An antistatic agent comprising a component (A) that is a glycerin fatty acid ester, a component (B) that is a fatty acid amide, and a component (C) that is an aliphatic amine ethylene oxide adduct,
The blending ratio of the component (B) to the total weight of the component (A), the component (B) and the component (C) is 30 to 70% by weight,
The amine value of the antistatic agent is 5 to 35 mg KOH / g,
Antistatic agent for thermoplastic resin.   The antistatic agent for thermoplastic resins according to claim 1, further comprising a component (D) which is a polyglycerin fatty acid ester.   The blending ratio of the component (D) to the total weight of the component (A), the component (B), the component (C), and the component (D) is 5 to 15% by weight. Antistatic agent for thermoplastic resin.   The antistatic agent for thermoplastic resins according to any one of claims 1 to 3, wherein the component (A) has a fatty acid residue having 8 to 22 carbon atoms.
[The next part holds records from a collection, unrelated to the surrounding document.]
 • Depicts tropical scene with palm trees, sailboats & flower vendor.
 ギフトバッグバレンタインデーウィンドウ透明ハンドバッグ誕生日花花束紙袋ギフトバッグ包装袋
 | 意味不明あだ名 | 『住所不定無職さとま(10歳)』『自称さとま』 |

The antistatic agent for thermoplastic resins according to any one of claims 1 to 4, wherein the component (B) is a primary fatty acid amide represented by the following general formula (2).
R ² CONH ₂ (2)
(In the formula, R ² is an alkyl group, an alkenyl group, an alkadienyl group or an alkynyl group, and the carbon number thereof is 15 to 21.) The antistatic agent for thermoplastic resins according to any one of claims 1 to 5, wherein the component (C) is a compound represented by the following general formula (3).
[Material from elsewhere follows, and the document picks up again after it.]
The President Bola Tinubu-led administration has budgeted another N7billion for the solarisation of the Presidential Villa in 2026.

(In the formula, R ³ is an alkyl group, an alkenyl group, an alkadienyl group or an alkynyl group, the carbon number thereof is 8 to 22, and n and m are 0 or more and n + m = 2 to 3). )   The charge for thermoplastic resins according to any one of claims 2 to 6, wherein the component (D) is an ester derivative of polyglycerol having an average degree of polymerization of 3 to 10, and has a fatty acid residue having 8 to 22 carbon atoms. Inhibitor.   The thermoplastic resin composition containing a thermoplastic resin and the antistatic agent for thermoplastic resins in any one of Claims 1-7.   The thermoplastic resin composition according to claim 8, wherein the content of the antistatic agent for thermoplastic resin is 0.1 to 30% by weight with respect to the thermoplastic resin composition.   The thermoplastic resin composition according to claim 8 or 9, wherein the thermoplastic resin is a polyolefin.   The thermoplastic resin composition according to any one of claims 8 to 10, wherein the thermoplastic resin is polypropylene.   The thermoplastic resin composition according to any one of claims 8 to 11, which is a polypropylene film.   The thermoplastic resin composition according to claim 12, wherein a dynamic friction coefficient of the surface of the polypropylene film is 0.15 or less.